## EXERCISE AIM
From the first entry to the last, copy everything exactly except the pictures.

## PROVIDED INFORMATION

※

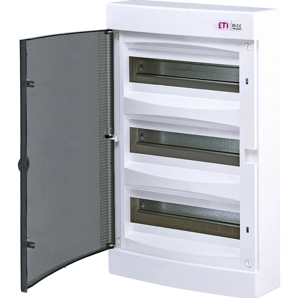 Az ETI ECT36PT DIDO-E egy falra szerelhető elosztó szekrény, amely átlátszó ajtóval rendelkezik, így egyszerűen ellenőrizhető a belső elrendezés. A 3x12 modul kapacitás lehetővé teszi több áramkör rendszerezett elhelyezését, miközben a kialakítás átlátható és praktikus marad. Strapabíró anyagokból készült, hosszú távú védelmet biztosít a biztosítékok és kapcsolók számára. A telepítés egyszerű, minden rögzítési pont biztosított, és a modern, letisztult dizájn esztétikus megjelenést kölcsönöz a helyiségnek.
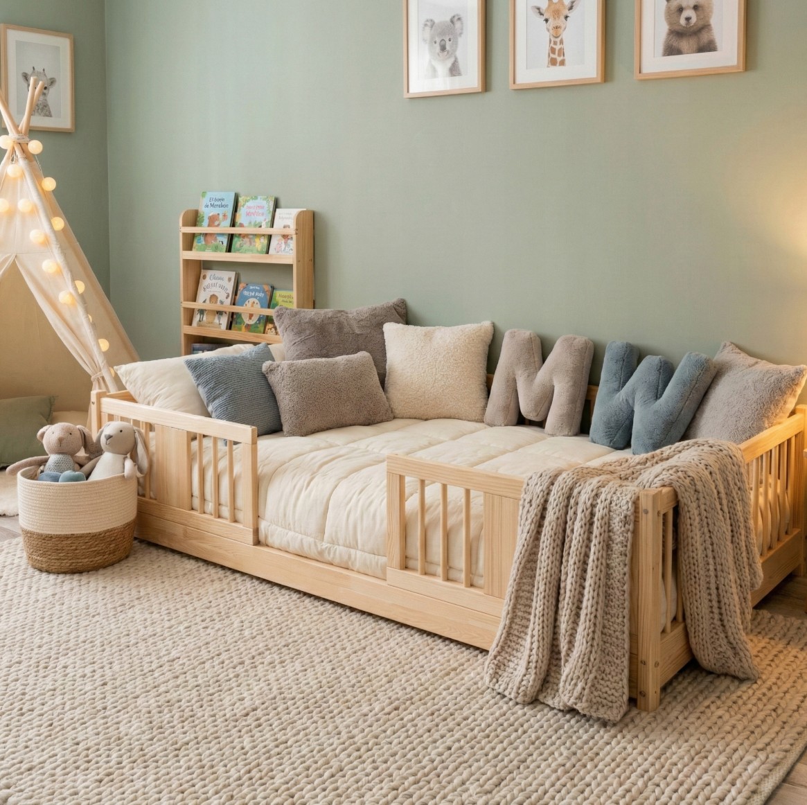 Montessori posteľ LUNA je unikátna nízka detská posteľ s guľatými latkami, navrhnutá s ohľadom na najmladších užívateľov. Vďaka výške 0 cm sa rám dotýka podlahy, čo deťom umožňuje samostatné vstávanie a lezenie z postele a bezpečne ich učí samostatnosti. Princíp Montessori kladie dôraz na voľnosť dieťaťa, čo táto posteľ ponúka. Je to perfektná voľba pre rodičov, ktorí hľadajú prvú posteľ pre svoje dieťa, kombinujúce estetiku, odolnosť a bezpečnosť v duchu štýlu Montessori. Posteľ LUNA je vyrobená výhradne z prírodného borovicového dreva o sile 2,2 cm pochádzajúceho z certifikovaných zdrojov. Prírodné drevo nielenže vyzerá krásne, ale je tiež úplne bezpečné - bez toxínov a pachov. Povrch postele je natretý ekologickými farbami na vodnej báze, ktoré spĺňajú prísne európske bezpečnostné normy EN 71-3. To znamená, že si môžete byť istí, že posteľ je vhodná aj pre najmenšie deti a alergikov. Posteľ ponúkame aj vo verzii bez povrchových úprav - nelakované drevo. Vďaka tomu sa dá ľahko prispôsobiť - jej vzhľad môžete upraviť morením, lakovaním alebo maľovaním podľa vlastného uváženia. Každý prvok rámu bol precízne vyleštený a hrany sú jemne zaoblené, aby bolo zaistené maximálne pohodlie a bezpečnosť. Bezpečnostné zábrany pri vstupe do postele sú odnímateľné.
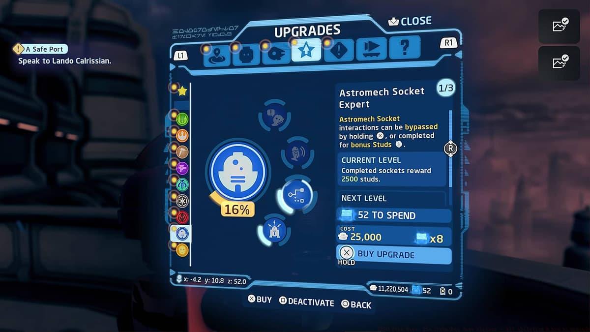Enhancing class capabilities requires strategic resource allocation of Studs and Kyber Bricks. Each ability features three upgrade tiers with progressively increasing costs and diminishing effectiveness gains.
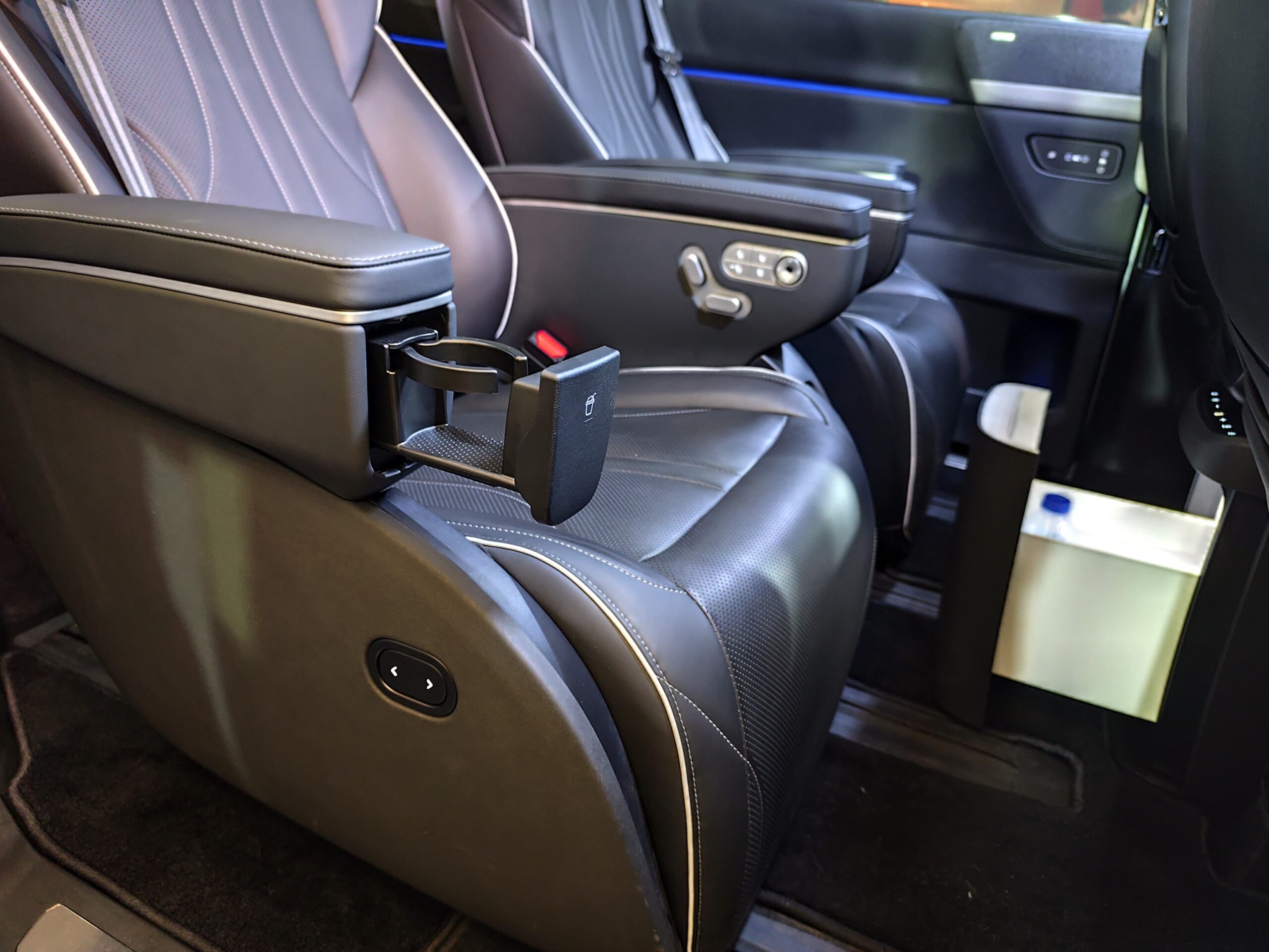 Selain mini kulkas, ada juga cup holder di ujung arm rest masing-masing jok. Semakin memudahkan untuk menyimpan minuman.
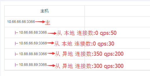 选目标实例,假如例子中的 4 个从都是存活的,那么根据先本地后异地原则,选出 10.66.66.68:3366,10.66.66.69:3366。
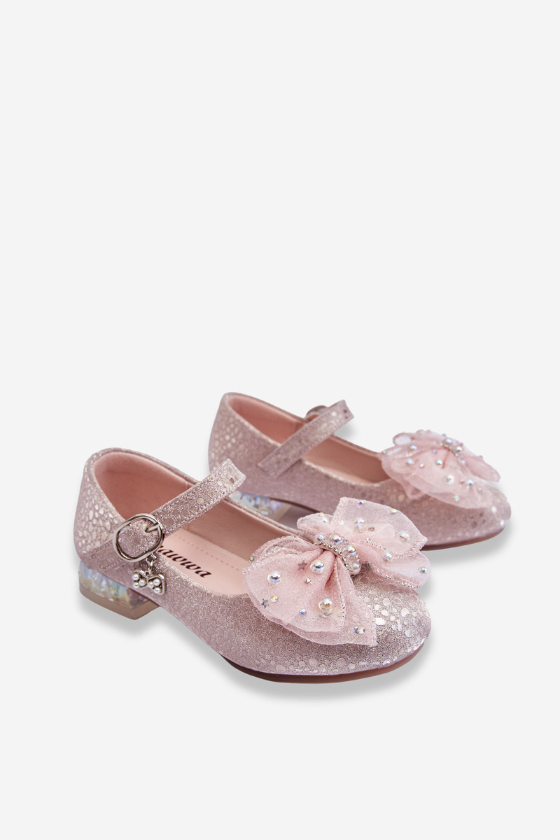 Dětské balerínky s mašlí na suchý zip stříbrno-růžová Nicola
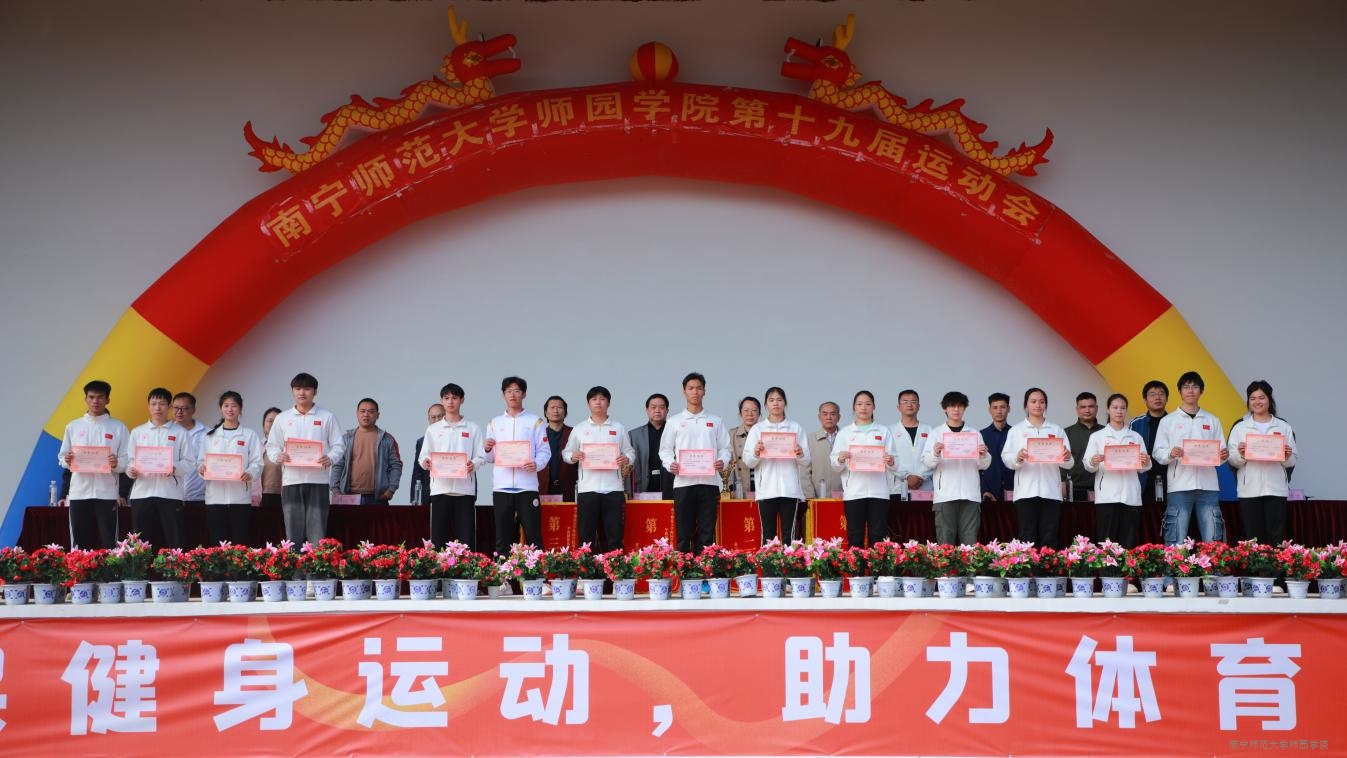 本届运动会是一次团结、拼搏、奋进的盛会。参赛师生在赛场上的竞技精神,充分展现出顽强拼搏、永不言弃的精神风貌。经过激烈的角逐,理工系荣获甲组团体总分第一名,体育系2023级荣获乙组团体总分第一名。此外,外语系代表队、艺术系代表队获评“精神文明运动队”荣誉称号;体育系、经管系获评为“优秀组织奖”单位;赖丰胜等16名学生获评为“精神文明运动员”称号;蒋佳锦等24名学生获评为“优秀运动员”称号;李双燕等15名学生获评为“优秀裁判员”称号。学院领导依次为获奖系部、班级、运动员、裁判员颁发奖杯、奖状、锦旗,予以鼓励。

※

## REPLY
 Az ETI ECT36PT DIDO-E egy falra szerelhető elosztó szekrény, amely átlátszó ajtóval rendelkezik, így egyszerűen ellenőrizhető a belső elrendezés. A 3x12 modul kapacitás lehetővé teszi több áramkör rendszerezett elhelyezését, miközben a kialakítás átlátható és praktikus marad. Strapabíró anyagokból készült, hosszú távú védelmet biztosít a biztosítékok és kapcsolók számára. A telepítés egyszerű, minden rögzítési pont biztosított, és a modern, letisztult dizájn esztétikus megjelenést kölcsönöz a helyiségnek.
 Montessori posteľ LUNA je unikátna nízka detská posteľ s guľatými latkami, navrhnutá s ohľadom na najmladších užívateľov. Vďaka výške 0 cm sa rám dotýka podlahy, čo deťom umožňuje samostatné vstávanie a lezenie z postele a bezpečne ich učí samostatnosti. Princíp Montessori kladie dôraz na voľnosť dieťaťa, čo táto posteľ ponúka. Je to perfektná voľba pre rodičov, ktorí hľadajú prvú posteľ pre svoje dieťa, kombinujúce estetiku, odolnosť a bezpečnosť v duchu štýlu Montessori. Posteľ LUNA je vyrobená výhradne z prírodného borovicového dreva o sile 2,2 cm pochádzajúceho z certifikovaných zdrojov. Prírodné drevo nielenže vyzerá krásne, ale je tiež úplne bezpečné - bez toxínov a pachov. Povrch postele je natretý ekologickými farbami na vodnej báze, ktoré spĺňajú prísne európske bezpečnostné normy EN 71-3. To znamená, že si môžete byť istí, že posteľ je vhodná aj pre najmenšie deti a alergikov. Posteľ ponúkame aj vo verzii bez povrchových úprav - nelakované drevo. Vďaka tomu sa dá ľahko prispôsobiť - jej vzhľad môžete upraviť morením, lakovaním alebo maľovaním podľa vlastného uváženia. Každý prvok rámu bol precízne vyleštený a hrany sú jemne zaoblené, aby bolo zaistené maximálne pohodlie a bezpečnosť. Bezpečnostné zábrany pri vstupe do postele sú odnímateľné.
Enhancing class capabilities requires strategic resource allocation of Studs and Kyber Bricks. Each ability features three upgrade tiers with progressively increasing costs and diminishing effectiveness gains.
 Selain mini kulkas, ada juga cup holder di ujung arm rest masing-masing jok. Semakin memudahkan untuk menyimpan minuman.
 选目标实例,假如例子中的 4 个从都是存活的,那么根据先本地后异地原则,选出 10.66.66.68:3366,10.66.66.69:3366。
 Dětské balerínky s mašlí na suchý zip stříbrno-růžová Nicola
 本届运动会是一次团结、拼搏、奋进的盛会。参赛师生在赛场上的竞技精神,充分展现出顽强拼搏、永不言弃的精神风貌。经过激烈的角逐,理工系荣获甲组团体总分第一名,体育系2023级荣获乙组团体总分第一名。此外,外语系代表队、艺术系代表队获评“精神文明运动队”荣誉称号;体育系、经管系获评为“优秀组织奖”单位;赖丰胜等16名学生获评为“精神文明运动员”称号;蒋佳锦等24名学生获评为“优秀运动员”称号;李双燕等15名学生获评为“优秀裁判员”称号。学院领导依次为获奖系部、班级、运动员、裁判员颁发奖杯、奖状、锦旗,予以鼓励。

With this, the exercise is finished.